== What to work on ==
Whenever a line in the material below contains "Robien", copy that line.

== Exercise materials ==
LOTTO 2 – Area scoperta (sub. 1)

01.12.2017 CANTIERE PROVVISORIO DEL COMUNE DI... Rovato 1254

---

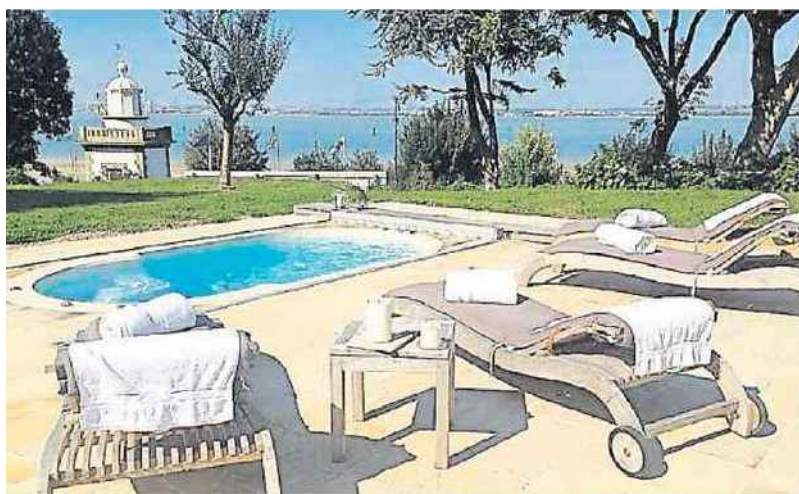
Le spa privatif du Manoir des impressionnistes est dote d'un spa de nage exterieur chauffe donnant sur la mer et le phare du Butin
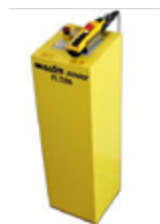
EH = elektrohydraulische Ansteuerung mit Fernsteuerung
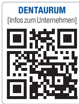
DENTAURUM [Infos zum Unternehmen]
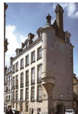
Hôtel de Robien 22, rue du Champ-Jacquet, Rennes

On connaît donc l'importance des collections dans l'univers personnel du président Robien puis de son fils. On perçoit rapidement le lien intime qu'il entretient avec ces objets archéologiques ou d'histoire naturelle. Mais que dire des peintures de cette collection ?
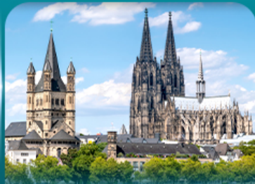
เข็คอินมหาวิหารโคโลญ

== Result ==
Hôtel de Robien 22, rue du Champ-Jacquet, Rennes
On connaît donc l'importance des collections dans l'univers personnel du président Robien puis de son fils. On perçoit rapidement le lien intime qu'il entretient avec ces objets archéologiques ou d'histoire naturelle. Mais que dire des peintures de cette collection ?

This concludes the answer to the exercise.